More importantly, it’s easier to get notes and photos into Evernote on the fly whether you’re on a desktop or mobile. Google Docs is too slow for quick capture tasks.
7. Gmail
It’s obviously best to use a more professional email address on a domain that you own rather than an @gmail.com address, so it’s a good thing that you can do just that with Google Apps for Business. But there’s just no provider on the web that beats Gmail. The storage is massive for the free price tag and the webmail software is beyond compare.
If you’re using the email server from your ISP or hosting provider, switch to Google Apps and shut that inferior rubbish down.
8. Skype
Skype replaces a number of things and works well on just about any device you can throw at it, from the desktop to iOS and Android to regular phone handsets built for Skype.
With Skype you can set up a business number that you can take anywhere, make cheap calls around the globe and free calls to other Skype users. Most freelancers spend a lot more time communicating by instant message than by voice, and Skype makes a great replacement for other instant messaging services with great archiving for later reference.

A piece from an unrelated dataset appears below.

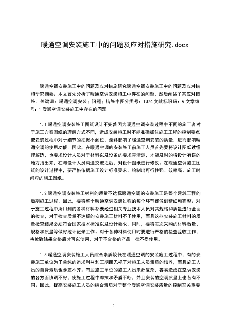 暖通空调安装施工中的问题及应对措施研究暖通空调安装施工中的问题及应对措施研究摘要:本文首先分析了暖通空调安装施工中存在的问题,然后阐述了其应对措施。关键词:暖通空调安装;问题;措施中图分类号:TU74文献标识码:A文章编号:1暖通空调安装施工中存在的问题

But you’ve probably been using Skype for years and it doesn’t need much introduction — just keep on using it!
9. Wunderlist
Wunderlist is a fantastic task manager. I’ve traditionally preferred apps like OmniFocus that deliver a lot of task managing superpowers, but sometimes you just need to make a list and get it done. Wunderlist lets you do that with minimal fuss, and works on most desktop and mobile platforms.
It’s also got the simplest and best task sharing of the productivity apps, and this comes in handy for managing subcontractors and collaborators.
10. Aviary
Designers and pirates will have Photoshop. Mac users have options like the wonderful Pixelmator. But to be sure you have access to quick and easy image editing — all of us in the digital professions need to at least resize and crop images on a regular basis — Aviary is a good choice. It lets you edit images, screenshot the full length of websites and so on for free.
These are the 10 essential apps to beat all essential apps lists. There are plenty of apps that are profession specific that aren’t included, such as Photoshop for designers and photographers and Maya for 3D animators, but these are the universal tools for running a freelance business anywhere, on any computer, with minimal fuss.